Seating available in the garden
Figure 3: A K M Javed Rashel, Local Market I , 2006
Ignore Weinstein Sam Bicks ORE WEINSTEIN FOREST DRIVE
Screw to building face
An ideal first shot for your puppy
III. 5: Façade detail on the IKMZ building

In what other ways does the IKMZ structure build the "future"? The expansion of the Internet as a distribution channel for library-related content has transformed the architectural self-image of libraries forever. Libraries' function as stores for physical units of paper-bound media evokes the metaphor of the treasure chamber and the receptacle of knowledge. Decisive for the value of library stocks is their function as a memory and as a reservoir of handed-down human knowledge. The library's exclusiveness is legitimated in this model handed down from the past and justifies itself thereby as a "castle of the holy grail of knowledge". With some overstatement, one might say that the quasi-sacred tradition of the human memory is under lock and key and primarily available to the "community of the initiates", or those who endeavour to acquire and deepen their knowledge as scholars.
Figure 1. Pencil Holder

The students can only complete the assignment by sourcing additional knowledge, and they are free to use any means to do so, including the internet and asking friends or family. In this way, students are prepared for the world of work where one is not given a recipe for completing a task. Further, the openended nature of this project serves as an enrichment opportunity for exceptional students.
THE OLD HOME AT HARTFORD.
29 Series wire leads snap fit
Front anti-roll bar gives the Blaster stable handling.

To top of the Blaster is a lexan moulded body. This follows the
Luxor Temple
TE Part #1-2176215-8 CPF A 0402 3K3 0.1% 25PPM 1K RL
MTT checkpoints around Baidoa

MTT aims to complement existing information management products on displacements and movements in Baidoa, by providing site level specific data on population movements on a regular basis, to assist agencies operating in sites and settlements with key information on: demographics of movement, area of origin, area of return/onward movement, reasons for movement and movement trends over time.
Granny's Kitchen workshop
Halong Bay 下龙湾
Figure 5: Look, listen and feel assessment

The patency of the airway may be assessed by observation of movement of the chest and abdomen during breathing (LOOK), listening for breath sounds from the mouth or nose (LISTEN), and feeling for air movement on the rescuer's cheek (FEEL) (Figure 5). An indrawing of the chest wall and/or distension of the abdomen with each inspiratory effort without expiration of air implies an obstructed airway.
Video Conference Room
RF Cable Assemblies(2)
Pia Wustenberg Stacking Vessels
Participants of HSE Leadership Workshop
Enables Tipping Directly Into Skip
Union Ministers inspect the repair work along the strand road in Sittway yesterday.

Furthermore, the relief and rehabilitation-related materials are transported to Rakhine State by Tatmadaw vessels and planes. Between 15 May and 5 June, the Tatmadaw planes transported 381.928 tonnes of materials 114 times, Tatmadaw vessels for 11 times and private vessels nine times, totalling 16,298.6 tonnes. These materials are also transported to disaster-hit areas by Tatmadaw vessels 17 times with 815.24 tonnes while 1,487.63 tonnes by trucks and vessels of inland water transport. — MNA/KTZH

:::::

• Aim of the exercise: Set the whole listing down, word for word.

• Solution to this exercise:
Seating available in the garden
Figure 3: A K M Javed Rashel, Local Market I , 2006
Ignore Weinstein Sam Bicks ORE WEINSTEIN FOREST DRIVE
Screw to building face
An ideal first shot for your puppy
III. 5: Façade detail on the IKMZ building

In what other ways does the IKMZ structure build the "future"? The expansion of the Internet as a distribution channel for library-related content has transformed the architectural self-image of libraries forever. Libraries' function as stores for physical units of paper-bound media evokes the metaphor of the treasure chamber and the receptacle of knowledge. Decisive for the value of library stocks is their function as a memory and as a reservoir of handed-down human knowledge. The library's exclusiveness is legitimated in this model handed down from the past and justifies itself thereby as a "castle of the holy grail of knowledge". With some overstatement, one might say that the quasi-sacred tradition of the human memory is under lock and key and primarily available to the "community of the initiates", or those who endeavour to acquire and deepen their knowledge as scholars.
Figure 1. Pencil Holder

The students can only complete the assignment by sourcing additional knowledge, and they are free to use any means to do so, including the internet and asking friends or family. In this way, students are prepared for the world of work where one is not given a recipe for completing a task. Further, the openended nature of this project serves as an enrichment opportunity for exceptional students.
THE OLD HOME AT HARTFORD.
29 Series wire leads snap fit
Front anti-roll bar gives the Blaster stable handling.

To top of the Blaster is a lexan moulded body. This follows the
Luxor Temple
TE Part #1-2176215-8 CPF A 0402 3K3 0.1% 25PPM 1K RL
MTT checkpoints around Baidoa

MTT aims to complement existing information management products on displacements and movements in Baidoa, by providing site level specific data on population movements on a regular basis, to assist agencies operating in sites and settlements with key information on: demographics of movement, area of origin, area of return/onward movement, reasons for movement and movement trends over time.
Granny's Kitchen workshop
Halong Bay 下龙湾
Figure 5: Look, listen and feel assessment

The patency of the airway may be assessed by observation of movement of the chest and abdomen during breathing (LOOK), listening for breath sounds from the mouth or nose (LISTEN), and feeling for air movement on the rescuer's cheek (FEEL) (Figure 5). An indrawing of the chest wall and/or distension of the abdomen with each inspiratory effort without expiration of air implies an obstructed airway.
Video Conference Room
RF Cable Assemblies(2)
Pia Wustenberg Stacking Vessels
Participants of HSE Leadership Workshop
Enables Tipping Directly Into Skip
Union Ministers inspect the repair work along the strand road in Sittway yesterday.

Furthermore, the relief and rehabilitation-related materials are transported to Rakhine State by Tatmadaw vessels and planes. Between 15 May and 5 June, the Tatmadaw planes transported 381.928 tonnes of materials 114 times, Tatmadaw vessels for 11 times and private vessels nine times, totalling 16,298.6 tonnes. These materials are also transported to disaster-hit areas by Tatmadaw vessels 17 times with 815.24 tonnes while 1,487.63 tonnes by trucks and vessels of inland water transport. — MNA/KTZH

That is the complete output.